Dogs rely on the use of their mouth for a number of things, from eating to marking to setting boundaries with other dogs, animals, and humans. If you've spent any amount of time with dogs, you're likely familiar with their tendencies to use their tongues to groom themselves or address their wounds.


Dogs lick for a number of additional reasons, including socialization, greeting, self-soothing, and even to stimulate certain bodily functions. Mother dogs will lick their puppies to encourage them to use the bathroom in their early days, and licking as a form of grooming is a trait that dogs carry with them for the rest of their lives.

Dogs licking each other's ears

When cohabitating in packs—whether in the wild or at home with additional pets—dogs will, in most cases, lick each other as an act of affection. Sometimes, dogs will lick one another as a way to say hello or even as an act of submission toward a more dominant canine.
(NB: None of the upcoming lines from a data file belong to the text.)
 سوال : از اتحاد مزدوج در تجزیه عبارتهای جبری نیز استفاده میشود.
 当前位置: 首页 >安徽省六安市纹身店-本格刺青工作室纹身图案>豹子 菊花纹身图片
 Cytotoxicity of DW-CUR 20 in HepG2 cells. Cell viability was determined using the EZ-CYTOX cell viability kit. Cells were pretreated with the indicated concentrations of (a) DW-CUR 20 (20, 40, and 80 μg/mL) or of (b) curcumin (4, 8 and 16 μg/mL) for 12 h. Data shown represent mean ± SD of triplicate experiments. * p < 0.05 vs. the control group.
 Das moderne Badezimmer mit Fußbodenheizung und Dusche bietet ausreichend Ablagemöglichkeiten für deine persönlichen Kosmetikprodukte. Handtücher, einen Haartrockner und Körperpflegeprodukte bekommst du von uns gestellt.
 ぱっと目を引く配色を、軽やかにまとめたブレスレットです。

Mutual ear licking is often done among dogs with a close, friendly relationship and can even transcend to other members of the household like the family cat or even yourself. So, if you've ever found yourself wondering, "Why is my dog licking behind my ears?" the answer is likely something along the lines of your dog displaying affection toward you.
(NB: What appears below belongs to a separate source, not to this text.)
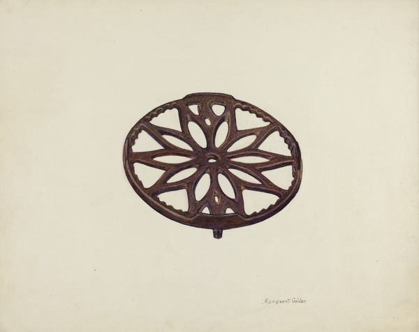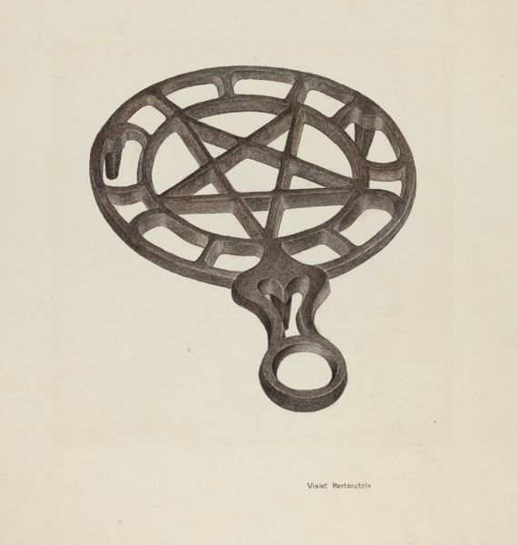 Curator: Here we have Sydney Roberts' 1941 drawing entitled "Trivet," rendered meticulously in pencil. Editor: It strikes me as very solid. The careful shading suggests weight and sturdiness, like it could easily protect a tabletop from a hot dish. Curator: Yes, a trivet is nothing if not functional, and that functionality informs Roberts' approach. The precision of the pencil work emphasizes the manufacturing process itself. The inscription "Enterprise MFG. Co. PHILADELPHIA" isn’t just decorative. It grounds the piece in the context of American industry during a pivotal time. Editor: I’m drawn to the geometric patterns within. The wheel-like design evokes both a sense of forward motion, symbolic of industry, and perhaps an ancient solar symbol. Also, the shield-like shape itself… a sense of protection? Not just of the table but something more. Curator: I think it speaks more to the value of everyday objects during the 1940s. Consumer goods, while readily available to some, held significant value in middle-class households, given factory production was gearing toward military equipment, changing the landscape of American Material Culture. It really highlights the intersection of labor, manufacturing, and domestic life. Editor: Maybe so, but I can't dismiss the feeling that this unassuming kitchen item carries the weight of something beyond its utilitarian purpose. The shield and the radiating lines...they tap into something primal, a yearning for order and security perhaps felt acutely as global conflict intensified. It's not just about what it does; it’s about what it represents, about deeper cultural anxieties and longings made visible through a humble object. Curator: So you're saying a trivet can be a window into the collective psyche. Well, either way, Roberts elevated what might have been a mere diagram of domestic life into a study of production. Editor: It makes one consider the stories behind these commonplace items and how they can mirror universal, enduring human themes.

Additionally, dogs sometimes lick because—and this is not the most adorable answer—ears taste good. You've probably noticed your dog licking your own skin on a hot day when you're sweaty and therefore salty. It is hard to know for sure since it will vary from dog to dog, but sometimes, our canine friends may be drawn to the allure of another dog's ear wax.


When to be concerned

In most cases, dogs licking each other's ears is a healthy and natural behavior that should not ring any alarms. Sometimes, however, licking can indicate an underlying medical issue, be it with the dog being licked or the one doing the licking. Bacterial or fungal infections like a yeast infection can cause a dog to scratch at her own ears. If another dog detects the infection, she may offer a much-needed cleaning inside a place that no dog would be able to reach on her own.

Sometimes, licking can be the symptom of a compulsive disorder in some dogs. Canine acral lick dermatitis occurs when a dog repeatedly licks one area, which can be a response to an underlying condition like an infection, or it may be an attempt to soothe herself during a bout of stress.


If you notice that your dog is licking another dog's ears for an abnormal amount of time or seems to be obsessive or compulsive about seeking out spots to lick, consult your veterinarian immediately to rule out any undiagnosed medical issues.